I’m currently using Amazon Quick to upload CSV / JSON files (via Spaces or chat file attachments). These files contain website sales and transaction data, and I want to query the uploaded documents to retrieve specific information, such as the list of products purchased by a particular member email.
However, I’m running into recurring accuracy issues:
In some cases, Quick responds that it cannot find any relevant data, even though the data clearly exists in the uploaded file.
In other cases, it does find related records, but some details are incorrect, or the response appears to include AI hallucinations (for example, wrong product details or mismatched purchase records).
sometimes, both cases above happen randomly in the same environment setting, still not found the reason yet
Because this involves sales and customer data, accuracy is extremely important. These inconsistencies make it difficult for us to confidently adopt this system in a stable production environment.
I’d like to ask a few questions:
Are there any best practices for improving the accuracy and consistency of document-based queries in Amazon Quick?
Is there a way to restrict answers to only the uploaded CSV/JSON content, instead of allowing the model to infer or generate information?
I noticed that Amazon Q Business provides configuration options to reduce hallucinations or enforce more conservative response modes.
→ Does Amazon Quick offer any similar settings or controls?
Does the file size, number of rows, or character/token length of CSV/JSON files affect answer accuracy?
If so, are there recommended approaches (such as file splitting, schema normalization, indexing, or pre-filtering) to reduce incorrect results?
If some level of inaccuracy is expected by design, I’d like to better understand the practical limits of accuracy and whether others have successfully deployed similar use cases in production.
Any insights, documentation, or real-world experience would be greatly appreciated.
Thank you very much!
The file upload + chat experience is intended for exploration and summarization, not deterministic, row-level querying. When asking questions like “which products were purchased by this exact email,” it’s common to see missed records, partial matches, or inferred details, especially as file size or complexity increases. This is an inherent limitation of using document-based RAG queries on structured data, not a data quality issue on your side.
While Amazon Q Business includes hallucination-mitigation controls (Hallucination mitigation in Amazon Q Business - Amazon Q Business), AWS explicitly documents that hallucination mitigation “isn’t supported for responses generated from tabular data”. The feature only applies to textual data, so these controls don’t address CSV/JSON accuracy issues either.
File size and structure do matter. While specific limits exist for chat uploads (CSV/Excel files must be less than 5MB), answer quality can degrade with large row counts, wide schemas, or long text fields. Splitting files and normalizing schemas can help, but only to a point.
Yes, this is pretty normal for Amazon Quick.
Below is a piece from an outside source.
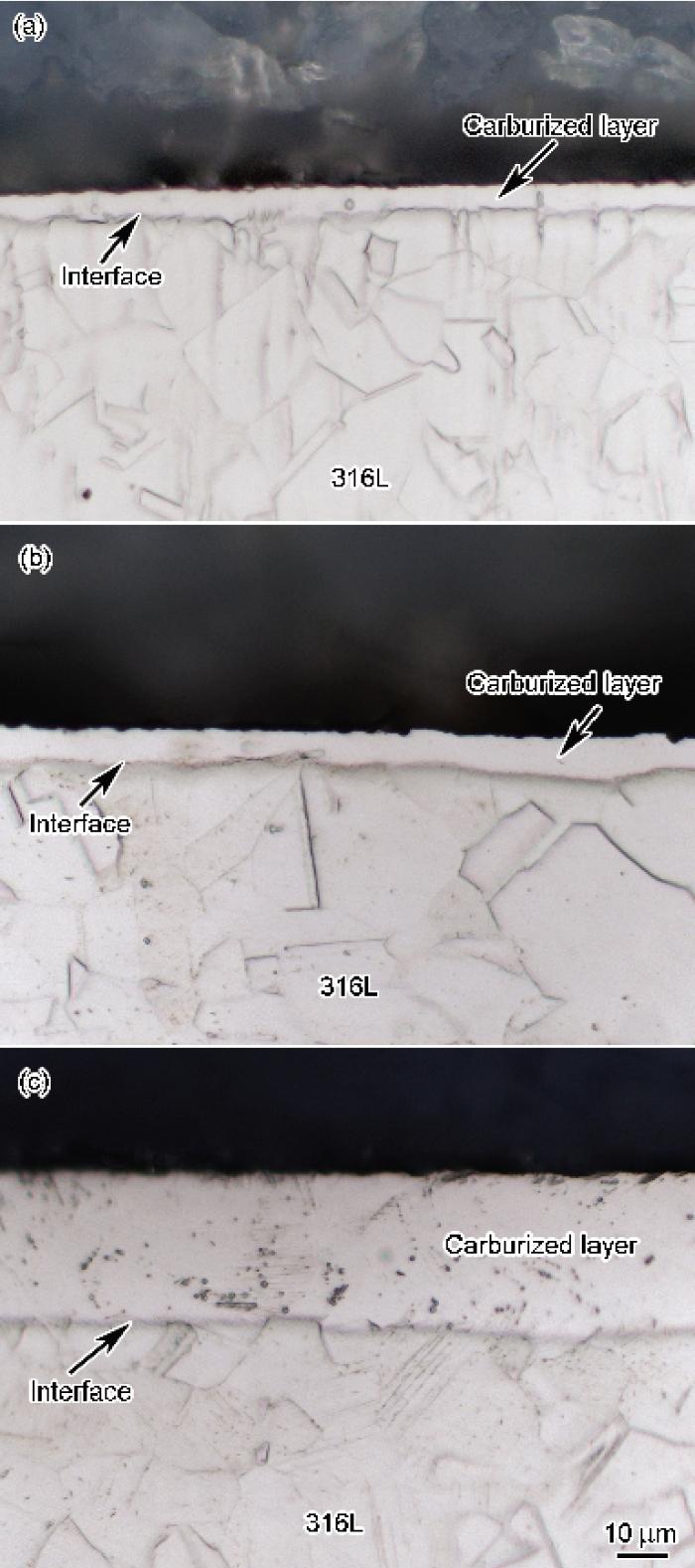 (1) 316L奥氏体不锈钢经过CO/H2/N2混合气体低温超饱和渗C处理后, 无碳化物析出, 表面形成超饱和渗碳层, 其相结构为扩张奥氏体相(S相).

It’s not a strict query engine; it does semantic retrieval and inference, so accuracy can vary, especially with CSV and JSON.
A few important points:
Files that are big or wide are less accurate. split data, clean up schemas, and normalize columns
There is no real “only use uploaded data” mode, so a little hallucination is normal.
CSV/JSON without a strong structure makes it hard to find things.
Quick is not the same as Amazon Q Business (there are no strict rules or guidelines).
Most people preprocess data or pair it with a deterministic layer (SQL/Athena) for production use and only use Quick for exploration.
In short, this is normal behavior, not a bug it’s just how Amazon Quick works right now.
Just checking back in since we haven’t heard from you in a bit. I wanted to see if the guidance shared earlier helped resolve your question, or if you found a solution in the meantime.
If you still have any additional questions related to your initial post, feel free to share them. Otherwise, any update you’re able to provide within the next 3 business days would be helpful for the community.